@sab sab released this Jan 30, 2018 · 4338 commits to master since this release

Assets 9

Speedups

  • 25% speedup of the model applier
  • 43% speedup for training on large datasets.
  • 15% speedup for QueryRMSE and calculation of querywise metrics.
  • Large speedups when using binary categorical features.
  • Significant (x200 on 5k trees and 50k lines dataset) speedup for plot and stage predict calculations in cmdline.
  • Compilation time speedup.

Major Features And Improvements

  • Industry fastest applier implementation.
  • Introducing new parameter boosting-type to switch between standard boosting scheme and dynamic boosting, described in paper "Dynamic boosting".
  • Adding new bootstrap types bootstrap_type, subsample.
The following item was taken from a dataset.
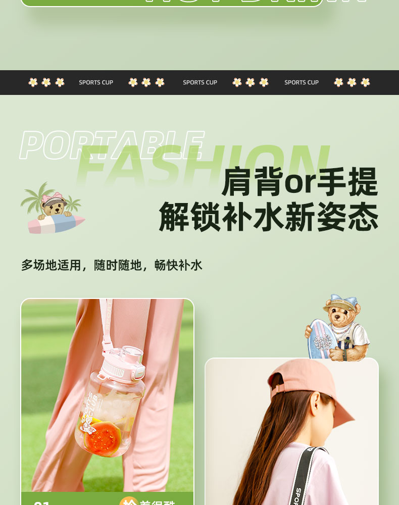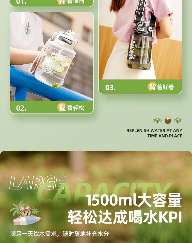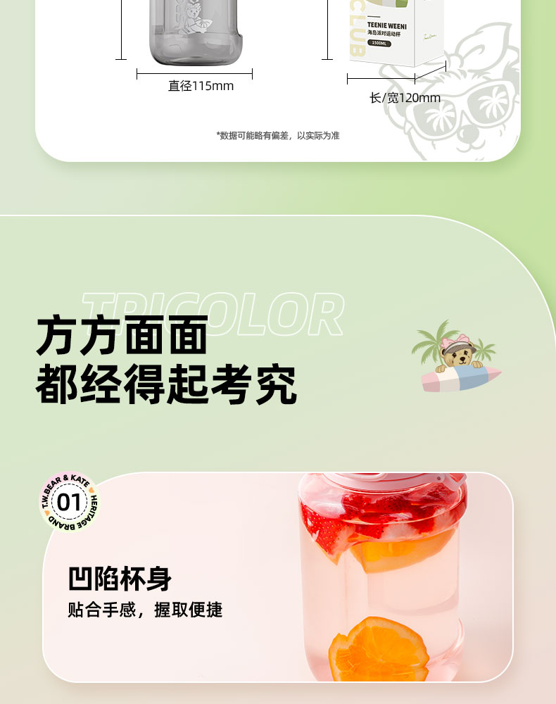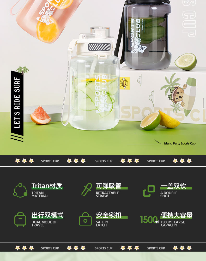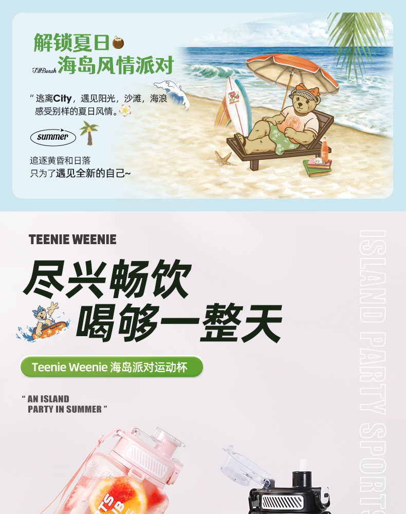 teenieweenie海岛运动派对杯运动水壶健身吨桶吨耐高温太空吸管杯
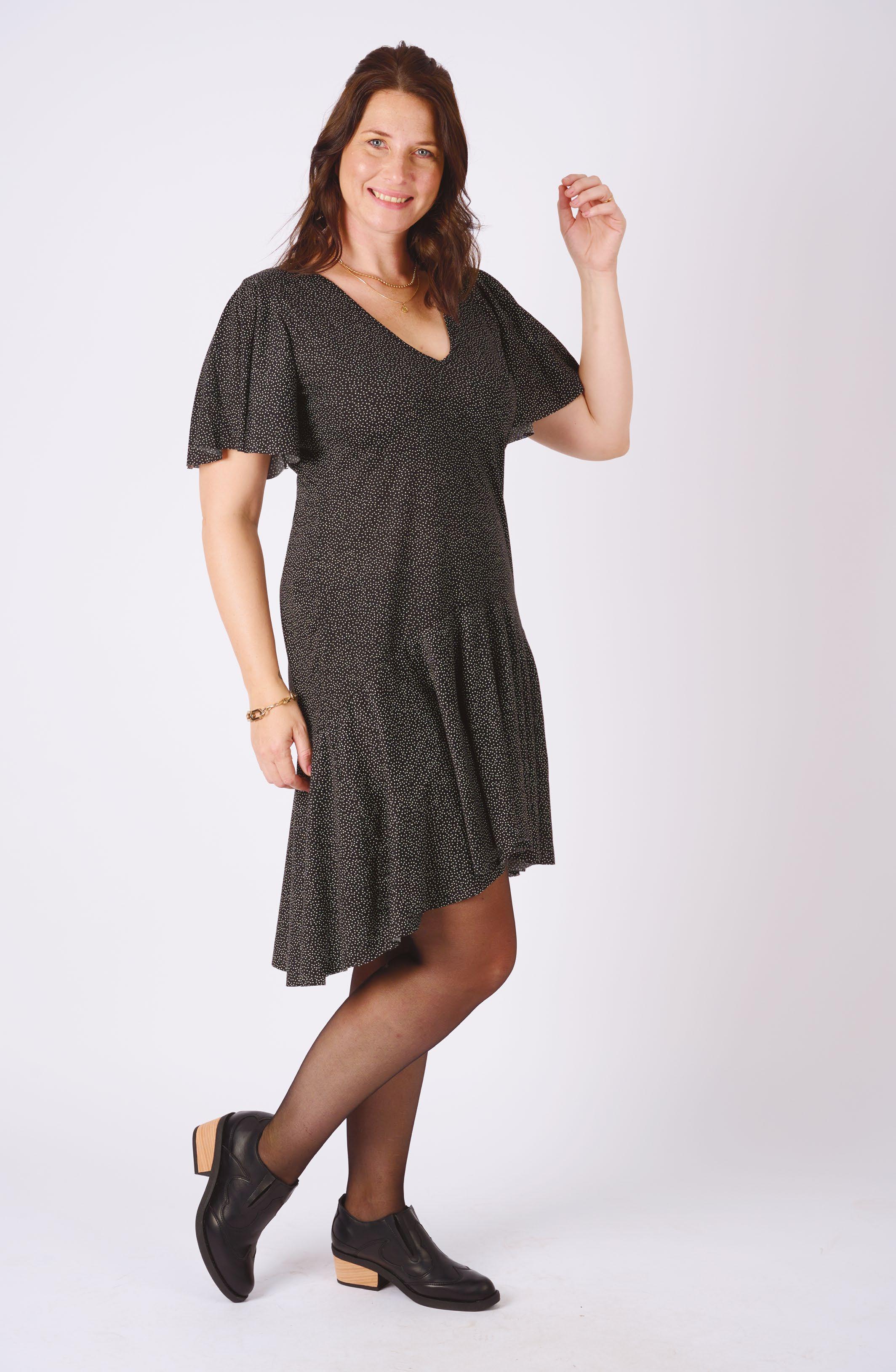 Confeccionada en viscosa. Detalle de recortes en ecocuero en laterales.

Using Bernoulli bootstrap type with subsample < 1 might increase the training speed.
  • Better logging for cross-validation, added parameter logging_level and metric_period (should be set in training parameters) to cv.
  • Added a separate train function that receives the parameters and returns a trained model.
  • Ranking mode QueryRMSE now supports default settings for dynamic boosting.
  • R-package pre-build binaries are included into release.
  • We added many synonyms to our parameter names, now it is more convenient to try CatBoost if you are used to some other library.

Bug Fixes and Other Changes

  • Fix for CPU QueryRMSE with weights.
  • Adding several missing parameters into wrappers.
  • Fix for data split in querywise modes.
  • Better logging.
  • From this release we'll provide pre-build R-binaries.
  • More parallelisation.
  • Memory usage improvements.
  • And some other bug fixes.

Thanks to our Contributors

This release contains contributions from CatBoost team.

We are grateful to all who filed issues or helped resolve them, asked and answered questions.